Back when railroads ran the economy, or much of it, they did so to further their own interests. In general terms, we got out of this mess by establishing novel new independent commissions to apply a set of legal rules called “common carriage.” (The “carriage” originally referred to a horse-drawn carriage.)

These commissions, like the Interstate Commerce Commission in the US, wrestled with problems of fairness in transport, energy, and (drum roll) communication. Indeed this very system evolved into the modern Federal Communications Commission that today sits thinking about the newfangled idea of “network neutrality.”

The common carriage idea, in a nutshell, is this: We have some networked infrastructures that are essential to all kinds of other activity. These common carriers are companies that carry something very important for us (like Hamilton’s livestock or your phone call). They could be taxis, railroads, airplanes, railroads, telephones, telegraphs, or something else.

We don’t want these infrastructures to take too much of an interest in what they are carrying. We want them in the carriage business, not in the business of examining my cattle (or my video) to see how it might make them more money. No one can be turned away from a common carrier (non-discrimination), and they have to work together even if they don’t really want to (interconnection). We also ask them to publish their conditions of service, schedules and fares (transparency).

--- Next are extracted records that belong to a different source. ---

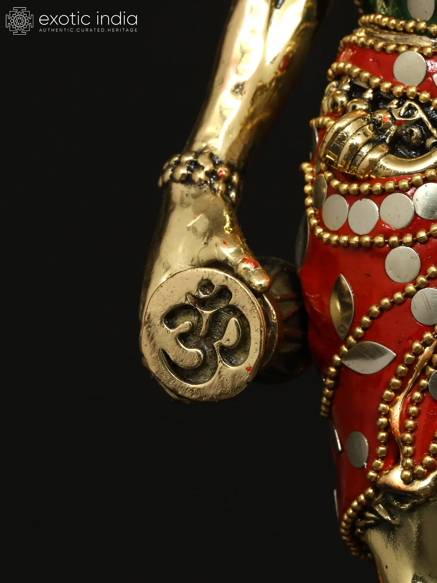 12" Chaturbhuja Relaxing Ganesha Idol Seated on a Chowki with Cushion | Handmade Brass Statue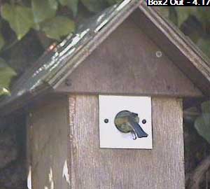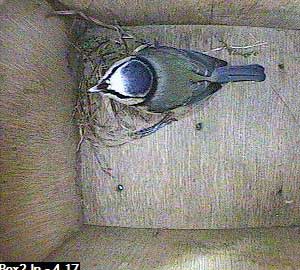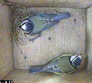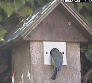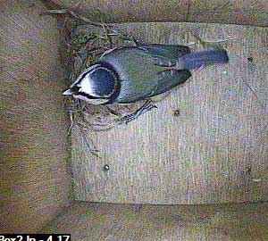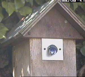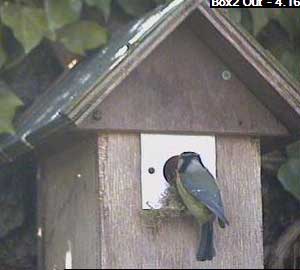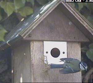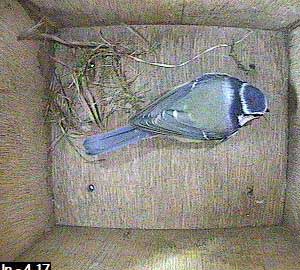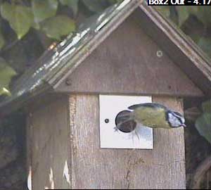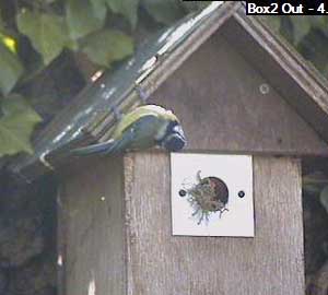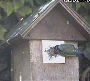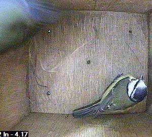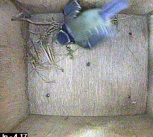Nine minutes later, another bluetit approaches and flies straight into the box. This must be the one that is bringing the nesting material.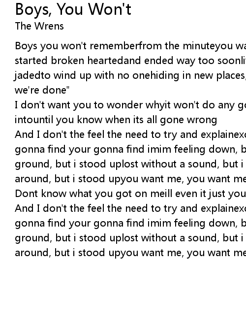 Boys you won't rememberfrom the minuteyou walked into the roomevery letter started broken heartedand ended way too soonlived through underratedgetting jadedto wind up with no onehiding in new places, getting wastedsinging "I guess we're done"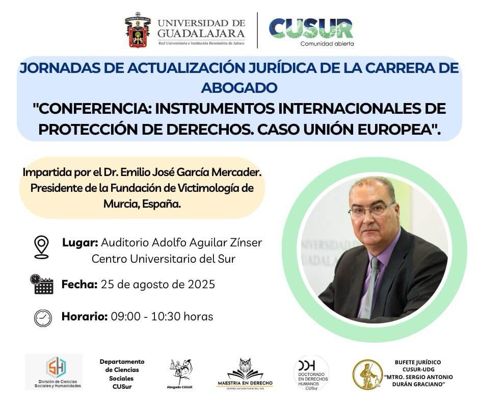 Participación de la Fundación de Victimología en las «Jornadas de actualización Jurídica del Programa Educativo de Abogado», en el Centro Universitario del Sur (Cusur), de la Universidad de Guadalajara de México. La intervención de Emilio José García Mercader trató sobre ·Instrumentos internacionales de protección de derechos en la Unión Europea».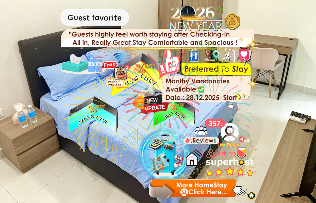 Our homestay is located above VivaCity Megamall, the largest shopping mall in Kuching. You can access the mall directly just by going downstairs Additionally, we are in a prime location, making it very convenient to visit various attractions in Kuching. Our homestay is on the 13th floor, offering beautiful views and facing a residential area, allowing you to enjoy a peaceful and comfortable environment.

Here’s the thing: We took a sharp turn away from common carriage, mostly as a result of Bush administration policy at the FCC. We’ve used some version of these rules since England in 1348. (Really!) But the Bush FCC decided the Internet doesn’t need common carriage. Thus the entire so-called “network neutrality” debate is a way of fighting our way back to normal. As I’ve hope I’ve convinced you with all of the cattle and railroading, network neutrality problems are common carriage problems (as I have also written elsewhere in this PDF).

David Weinberger’s post is nostalgic for a geekier, open, and more transformative Internet of days past. Me too, but the Internet’s destiny isn’t the issue. Larry Downes, posting here on Wednesday wants us to think about this as a technical issue related to specific characteristics of cell phone networks and Internet protocols. Yet a common carriage regime has served us well for all kinds of diverse technologies from telegraphs to taxicabs.

In April, FCC Chairman Julius Genachowski announced his intent to reclassify the Internet as a common carrier (in FCC-speak, a “telecommunications service”). But instead of simply returning to common carriage, he wants to take a tiny little step back in that direction.

It was absolving the Internet from common carriage in the first place that was a radical move (as legal scholar Barbara Cherry has written). Yet in the bizarre language of partisan politics today, the FCC’s passing glance at the common carriage rules caused a joint Republican statement proclaiming the idea radical.

Why would Google want to strike a deal with a carrier (Verizon) to see that its goods get preferential treatment? (Or in Wired’s extremely evocative phrasing, why did Google become “a Carrier-Humping, Net Neutrality Surrender Monkey?“). These are the enduring dynamics of networked infrastructure, not some new particular wrinkle of Internet technology that demands its own phrase.

As danah boyd playfully pointed out in May on her blog, we already hate most of these companies as though they were regulated monopolies and we often feel inextricably tied to them and unable to switch. Let’s adjust the regulations to match the user experience.

Let’s treat these problems as the enduring challenges that they are and return Internet infrastructure to the common carrier regime. Let the commission sort out the details, but please leave the railroads to be railroads and the Internet to be the Internet.

I never want to play a computer game called Internet Tycoon.